To compute the randomized preconditioner \(\mathbf {R}_s\), first improve the coherence of \(\mathbf {A}\) with a random orthogonal matrix \(\mathbf {F}\mathbf {A}\), where \(\mathbf {F}\) is the product of a fast transform (FFT, Walsh-Hadamard, DCT, Hartley) and a random diagonal matrix with independent Rademacher variables on the diagonal. Then sample \(c\) rows, uniformly and independently with replacement from \(\mathbf {F}\mathbf {A}\) to obtain the sampled matrix \(\mathbf {A}_s=\mathbf {S}\mathbf {F}\mathbf {A}\). At last compute the thin QR decomposition \(\mathbf {A}_s=\mathbf {Q}_s\mathbf {R}_s\).
Advantages. Unlike Blendenpik [1] which solves a \(m\times n\) least squares problem with an iterative method, we solve a small \(n\times n\) problem with a direct method.

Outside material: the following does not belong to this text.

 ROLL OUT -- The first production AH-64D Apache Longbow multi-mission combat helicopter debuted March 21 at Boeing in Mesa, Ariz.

Direct methods, and Cholesky decompositions in particular, tend to perform well on cache-based and parallel architectures, where data movement and synchronization can dominate arithmetic. This is in contrast to the normal equations like approach with iterative methods in [5, 6], which also requires an initial guess.
The simplicity of our approach, in contrast to the involved multi-stage [5, Algorithm 4], will lead to a rigorous and informative perturbation analysis for the accuracy of the computed solution. The potential backward stability issues due to the formation of the Gram matrix can be handled in the same way as for the randomized Cholesky-QR algorithm in [3].

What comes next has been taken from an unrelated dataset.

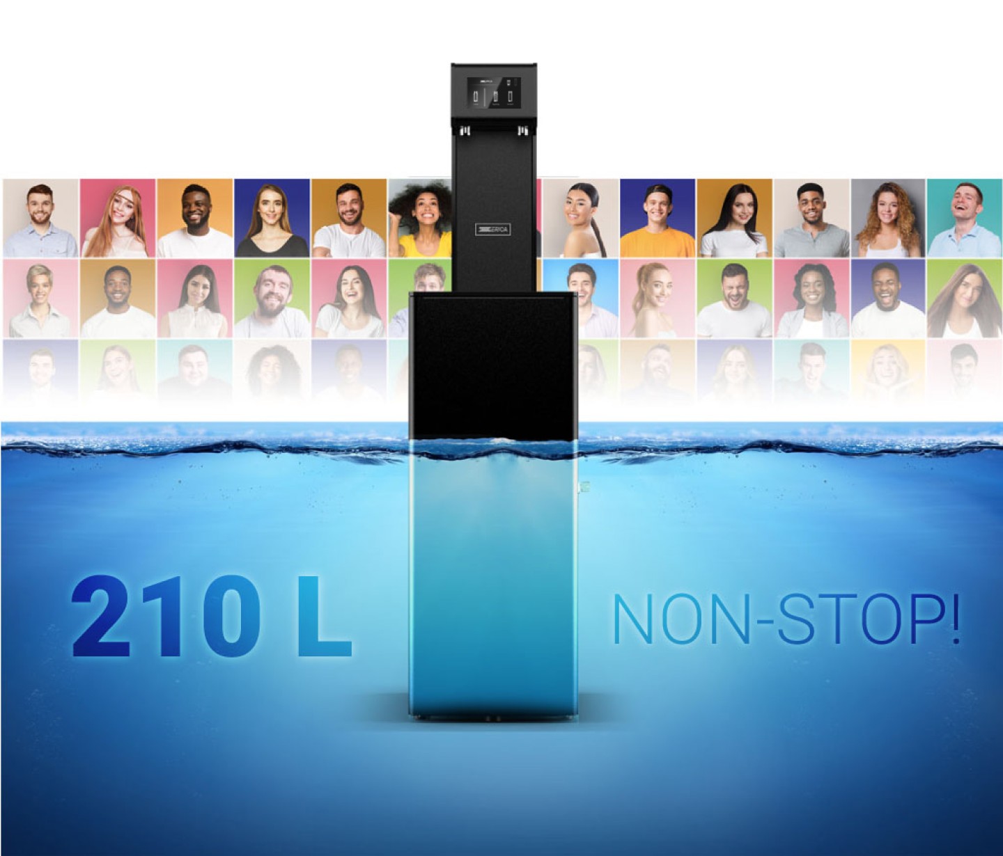 Potente y versátil, Kemonia es un dispensador de agua pie ultramoderno todo en uno. Perfecto para oficinas, empresas y espacios comunes.

The preconditioner \(\mathbf {R}_s\) needs to be applied only once and is applied explicitly, thereby improving the backward stability issues discussed in [7]. Even for matrices \(\mathbf {A}\) with worst case coherence and a condition number \(\kappa (\mathbf {A})\approx 10^{15}\), a sampling amount of \(c=3n\) suffices to produce preconditioned matrices \(\mathbf {A}_1\) that are very well conditioned, with condition numbers \(\kappa (\mathbf {A}_1)\approx 10\).

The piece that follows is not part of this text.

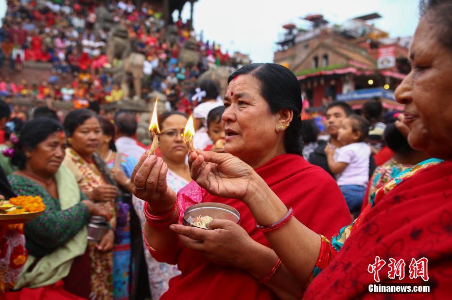 8月28日,尼泊尔古城巴德岗民众庆祝夏五礼节(Pancha Dan)。在这一天,人们要迎接佛像,佛教徒们还要向僧人赠送谷、米、盐、钱和水果5种物品。 中新社记者 普拉丹 摄

Preliminary numerical results suggest that for matrices with condition number \(\kappa (\mathbf {A})\leq 10^9\), the preconditioner \(\mathbf {R}_s\) can be computed faster, in single precision, without loss of accuracy in the preconditioned problem. We will show that solving the normal equations via a Cholesky decomposition represents an efficient least squares solver on NVIDIA RTX 2080 GPUs.
-
[1] H. Avron, P. Maymounkov, and S. Toledo. Blendenpik: Supercharging Lapack’s Least-Squares Solver, SIAM J. Sci. Comput., vol. 32, no. 3, pp 1217–1236 (2010)
-
[2] I.C.F. Ipsen and T. Wentworth. The Effect of Coherence on Sampling from Matrices with Orthonormal Columns, and Preconditioned Least Squares Problems, SIAM J. Matrix Anal. Appl., vol. 35, no. 4, pp 149—1520 (2014)
-
[3] J.E. Garrison, and I.C.F. Ipsen. A Randomized preconditioned Cholesky-QR Algorithm, SIAM J. Matrix Anal. Appl., under review (2024)
-
[4] Å. Björck. Numerical Methods for Least Squares Problems, Society for Industrial and Applied Mathematics (SIAM), Philadelphia, PA (1996)
-
[5] E.N. Epperly, M. Meier and Y. Nakatsukasa. Fast Randomized Least-Squares Solvers can be just as Accurate and Stable as Classical Direct Solvers, arXiv:2406.03468 (2024)
-
[6] R. Xu and Y. Lu. Randomized Iterative Solver as Iterative Refinement: A Simple Fix Towards Backward Stability, arXiv:2410.11115 (2024)
-
[7] M. Meier, Y. Nakatsukasa, A. Townsend, and M. Webb. Are sketch-and-precondition least squares solvers numerically stable? SIAM J. Matrix Anal. Appl., vol. 45, no. 2, pp 905–929 (2024)